ABSTRACT The Law of the Sea may be defined as the specialized set of decisions dealing with the nature and extent of control exercised over the marine environment. Of particular concern to geographers are three aspects: the distribution of controls which are exercised in the marine environment, the bases for establishing certain controls, and the impact the controls have on the utilization of the sea's resources.
The marine environment differs from that on land because of its three-dimensional nature, the mobility of many of its resources, and the fact that various forms of activity can be carried on simultaneously in one small sector of the sea. The resources of the high seas are the common property of all countries, although coastal states exercise jurisdiction over narrow bands of water adjacent to their shorelines.
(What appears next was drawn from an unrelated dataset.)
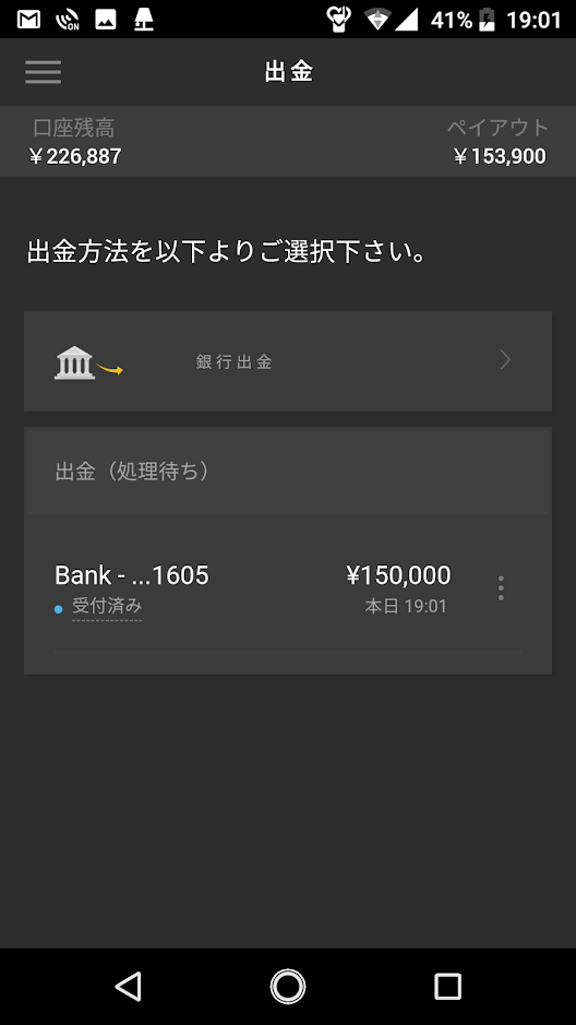 ここらへんで利確??出金申請を一部しようと決め最期の大勝負に勝ったので15万円を抜き取りました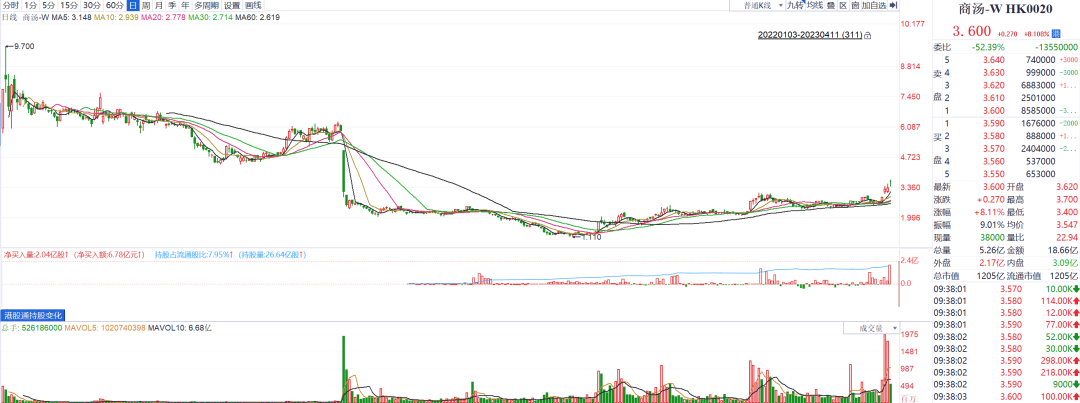 在2023年4月11日早盘,科技公司商汤-W在港股市场上表现亮眼,商汤-W股价一度飙升超过8%,成交额市场领先。从近期表现来看,商汤-W近四个交易日累涨超30%。

Over the years a complex body of international law has grown up concerning jurisdiction over the world ocean; much of this law is embodied in the four Geneva Conventions adopted in 1958. But with changing technologies and changing political and economic conditions, the Conventions have proven to be of limited value in resolving international conflicts over access to the sea's resources. Individual countries continue to press unilateral claims for which there are no bases in law or custom, yet against which there is little attractive counter force. At a time when the potential wealth of the marine environment is slowly being unlocked, it is essential to develop a composite view of the world ocean and its administration, to relate the controls exercised in the sea to the milieu in which they are operative, to compare maritime controls in one area with those in effect in other areas, and to move from national and multinational interests in marine resource management toward the identification of world interests in the rational control and management of the marine environment.